PennFuture’s lawsuit said the EPA has not been regulating quenching.
“They’ve never even done the initial risk assessment or technology-based standard review,” Jones said. “And so we challenged their failure to set the initial standard, and to revise the standard as necessary.”
The EPA conceded that it had not created these standards, or done a risk assessment.
The agency also admitted that it’s been 15 years since it updated the technology-based standards on coke oven batteries, the term for a group of ovens at these facilities.
“From this lawsuit, we are finally getting a revised technology-based standards review for the coke oven battery,” Jones said.
The court has given EPA 30 months to create standards and do a risk assessment for quenching, and to update the technology standards for coke oven batteries.
“So, taken together, these are going to hopefully result in much more protective standards for these coke oven facilities.”
One Key Issue Still Undecided
In addition to seeking updated technology-based standards for coke oven batteries, the lawsuit wanted EPA to update its risk-based standards as well. The court decision states that PennFuture and the other groups have reasonable legal and policy arguments for this, “But having a reasonable argument is not enough in this context,” according to the ruling.
The court found that the Clean Air Act does not speak clearly to whether updating risk-based standards is mandatory, and so it does not have jurisdiction, and did not rule on this issue.
Jones says PennFuture is considering whether to appeal on that issue. Still, she calls the majority of the case a victory.
“I don’t want that jurisdictional loss to take away from what I think will be a very positive health and environmental impact,” she said.
The Clairton Coke Works is located in what’s known as an environmental justice area, meaning it has a certain percentage of residents who are people of color and/or live in poverty.

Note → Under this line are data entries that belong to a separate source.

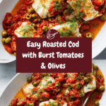 This Roasted Cod with Burst Tomatoes and Olives is a flavorful and elegant seafood dish perfect for a weeknight dinner or special occasion. Tender cod fillets are oven-roasted to perfection and complemented by a vibrant, buttery sauce featuring burst cherry tomatoes, briny olives, capers, fresh lemon juice, and fragrant dill. Served alongside crusty bread, rice, or grains, this recipe offers a deliciously balanced meal bursting with Mediterranean-inspired flavors.
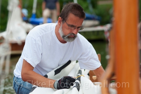 Also Im Regattabüüro fragen gegangen, ob nicht vielleicht jemand Lust hat zu segeln? Frau Janßen weiß Rat: Ihr Sohn Linus, frisch gekührter Dritter der Deutschen Teeny-Meisterschaften unter 14 wiegt zwar nur 38 kg, hat aber Lust und Zeit. Also Reff eingebunden, Linus an Bord geholt und Los geht's.
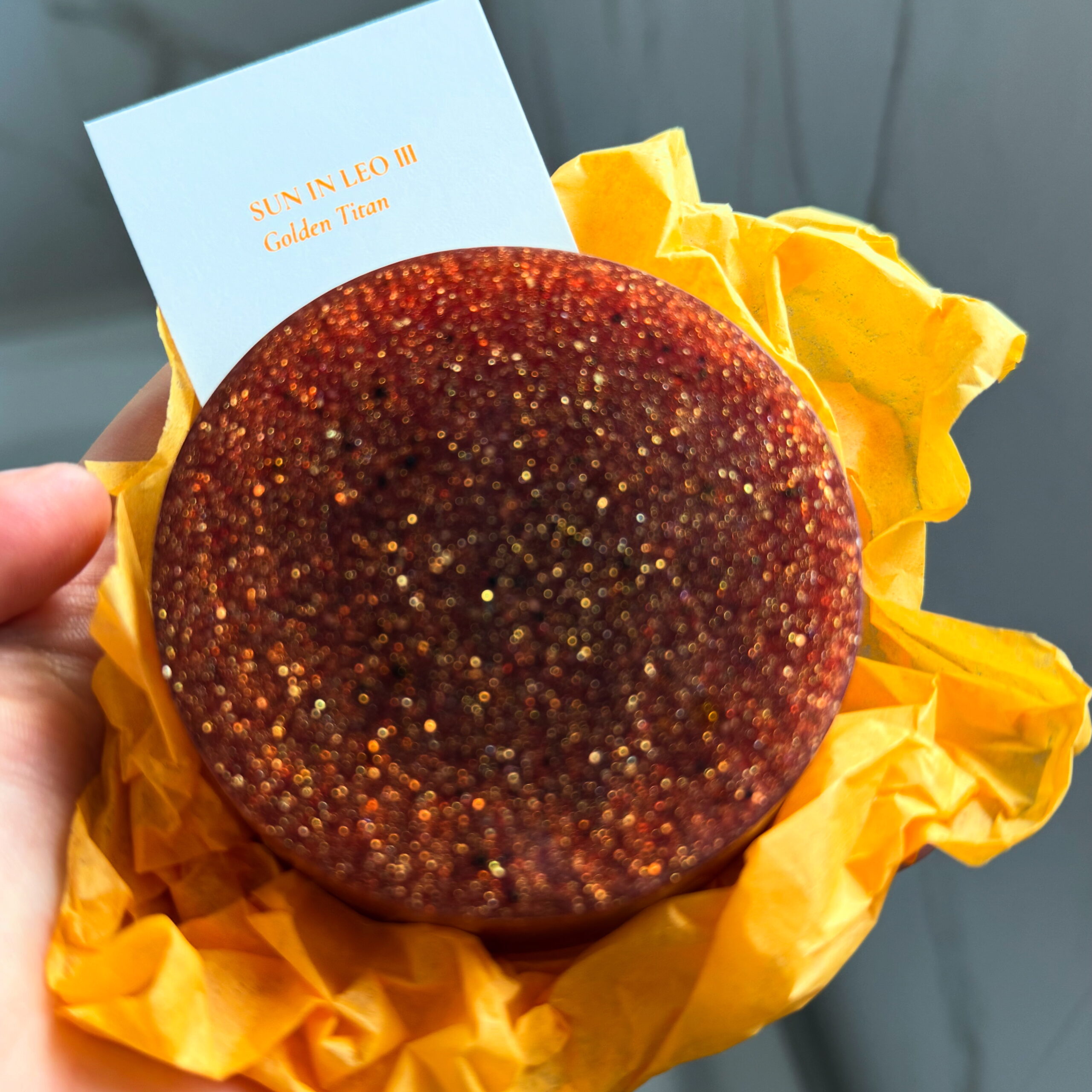 Honey and glycerin-based soaps, infused with consecrated Golden Titan herbal matter, biodegradable glitter, and essential oils of frankincense and blood orange.
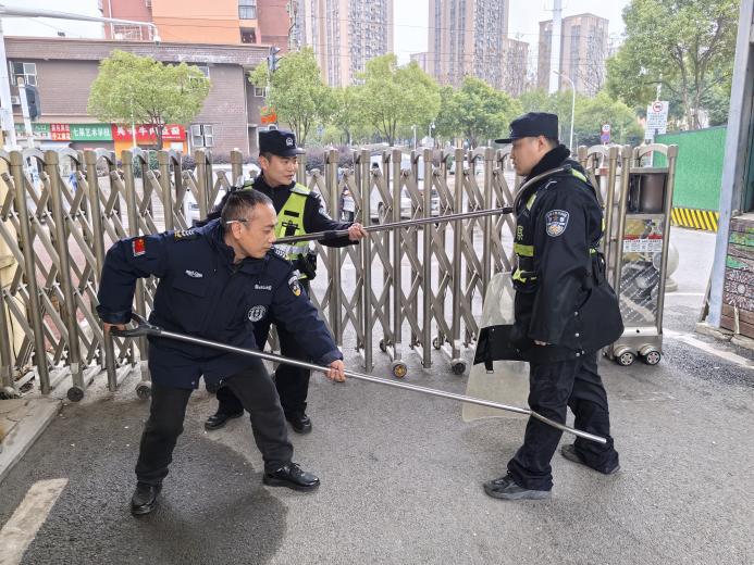 青山镇派出所民警肖坤雄指导学校安保人员进行防暴器械演练
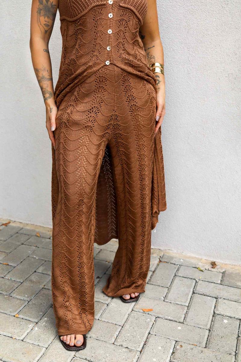A Calça Tricot Brisa é confeccionada em malha macia e confortável, composta por 97% acrílico e 3% elastano, que garante elasticidade e caimento perfeito. Em tom marrom, traz sofisticação e versatilidade, podendo ser usada em looks casuais ou elegantes. Sua modelagem moderna proporciona estilo e praticidade para o dia a dia.

Coke ovens are often environmental justice(EJ) communities, according to Jones.
“I believe we owe it to communities like Clairton, like Allegheny County, and other EJ communities across Pennsylvania, to do everything in our power that we can to cut these toxic and hazardous emissions that are spewing from the facilities, that have for too long overburdened these communities,” she said. “We’re hopeful that this court order will have a real and meaningful impact on the frontline communities that disproportionately suffer the impacts of this pollution.”